> _DATA SHOWN_:
****************

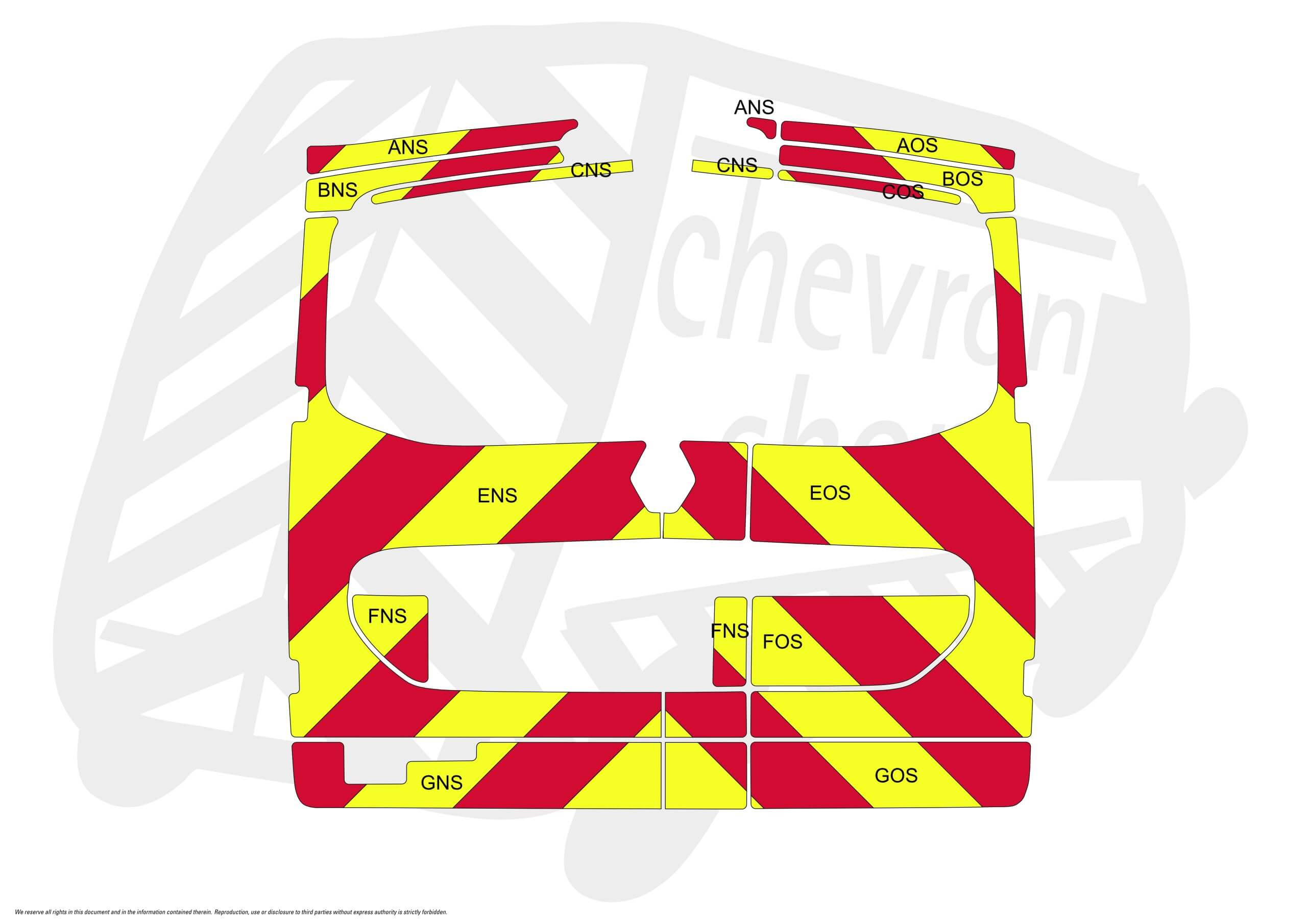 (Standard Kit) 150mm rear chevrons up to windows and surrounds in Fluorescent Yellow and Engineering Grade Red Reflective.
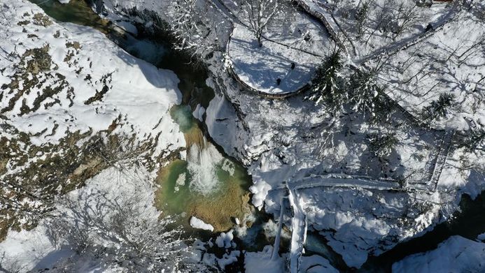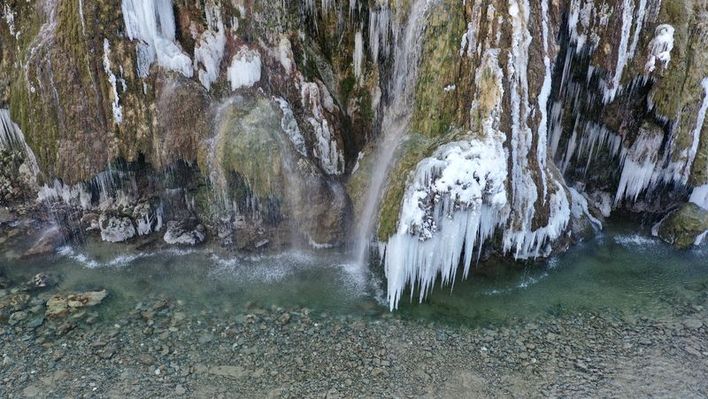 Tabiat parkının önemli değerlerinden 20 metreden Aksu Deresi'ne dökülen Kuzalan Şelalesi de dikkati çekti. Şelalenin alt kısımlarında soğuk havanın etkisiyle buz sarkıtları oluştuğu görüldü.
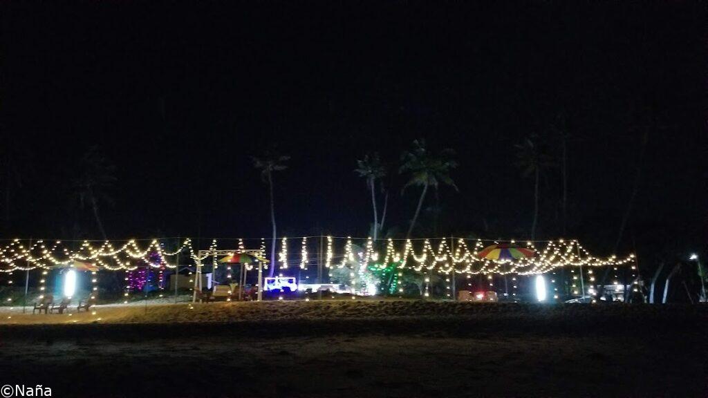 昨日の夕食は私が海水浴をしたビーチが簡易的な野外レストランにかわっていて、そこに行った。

****************

> _TASK TO CARRY OUT_:
Output the listing above exactly, excluding all pictures.

> _RESPONSE AREA_:
 (Standard Kit) 150mm rear chevrons up to windows and surrounds in Fluorescent Yellow and Engineering Grade Red Reflective.
 Tabiat parkının önemli değerlerinden 20 metreden Aksu Deresi'ne dökülen Kuzalan Şelalesi de dikkati çekti. Şelalenin alt kısımlarında soğuk havanın etkisiyle buz sarkıtları oluştuğu görüldü.
 昨日の夕食は私が海水浴をしたビーチが簡易的な野外レストランにかわっていて、そこに行った。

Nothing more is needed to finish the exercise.